Re^2: Text storage/retrieval
by DreamT (Pilgrim) on Mar 05, 2012 at 13:32 UTC
    One aspect is the maintainability - it wouöd be great if the data could be stored in csv files or such. Any idea on that?

      I see little difference in maintainablility between:

      ( "The quick", "brown fox", "jumps over", "the lazy", "dog", );

      And:

      "The quick", "brown fox", "jumps over", "the lazy", "dog"

      But if you do, you could do the same thing -- put each language into a separate csv file -- and do:

      my @text = someCSVparser( "$lang.csv" ); ...

      It'll be slower, but for 1500 strings, probably not enough to worry about.

      If performance is a concern -- as it seemed from your OP -- then you could store the texts in .csv files and use an off-line process to create the Storable form from them whenever they change.
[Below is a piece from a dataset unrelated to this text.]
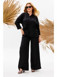 Брюки длинные свободного кроя на притачном поясе с резинкой. По переду в боковых швах функциональные карманы.
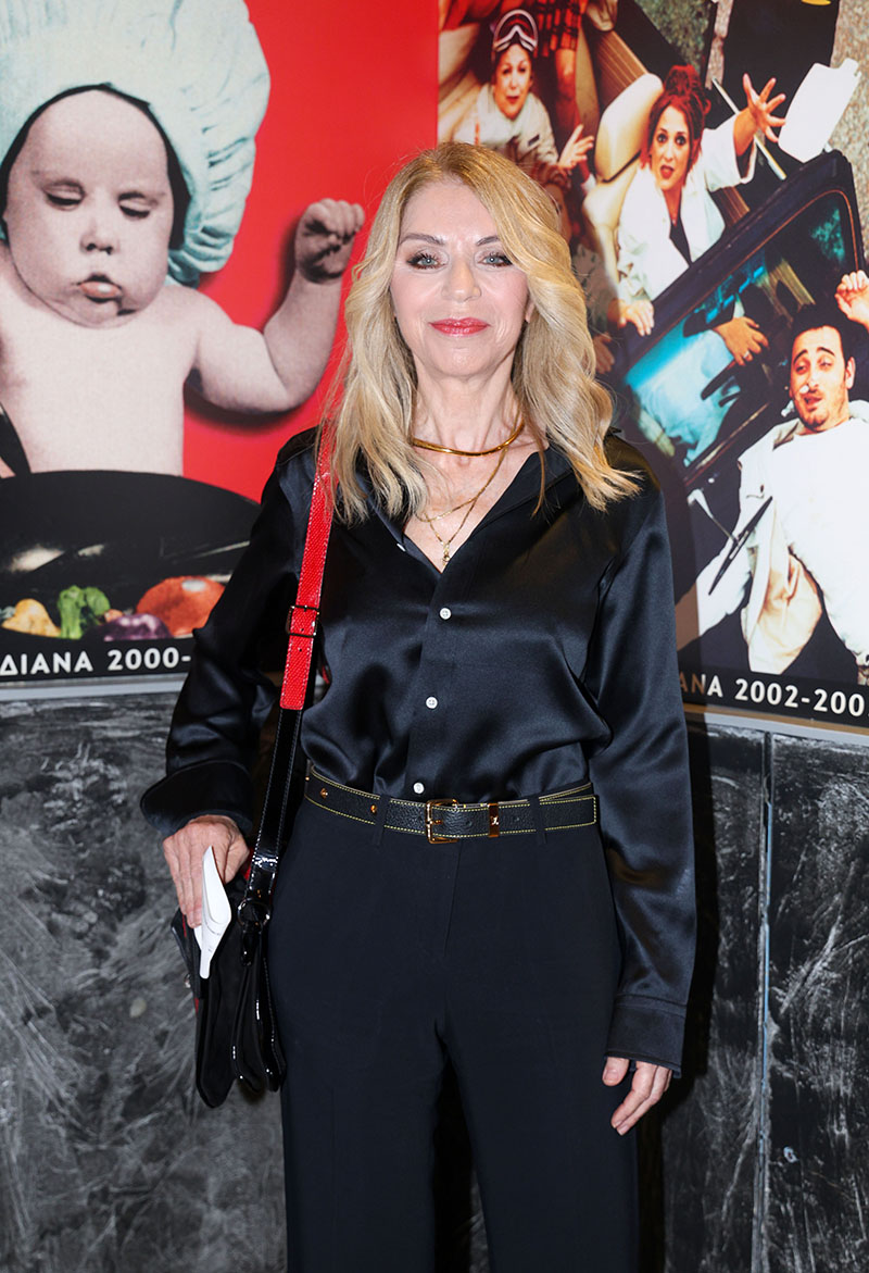 Η 70χρονη Έλλη Στάη απέδειξε για άλλη μία φορά ότι δεν θεωρείται τυχαία μία από τις πιο καλοντυμένες Ελληνίδες. Για την περίσταση επέλεξε ένα all time classic μαύρο παντελόνι το οποίο συνδύασε με μαύρο σατέν πουκάμισο και λουστρίνι γόβες.

It has the advantage of ensuring that if the storable format shoudl ever change in incompatible ways -- it has happened in the past -- then you have the sources to fall back on.


      With the rise and rise of 'Social' network sites: 'Computers are making people easier to use everyday'
      Examine what is said, not who speaks -- Silence betokens consent -- Love the truth but pardon error.
      "Science is about questioning the status quo. Questioning authority".
      In the absence of evidence, opinion is indistinguishable from prejudice.

      The start of some sanity?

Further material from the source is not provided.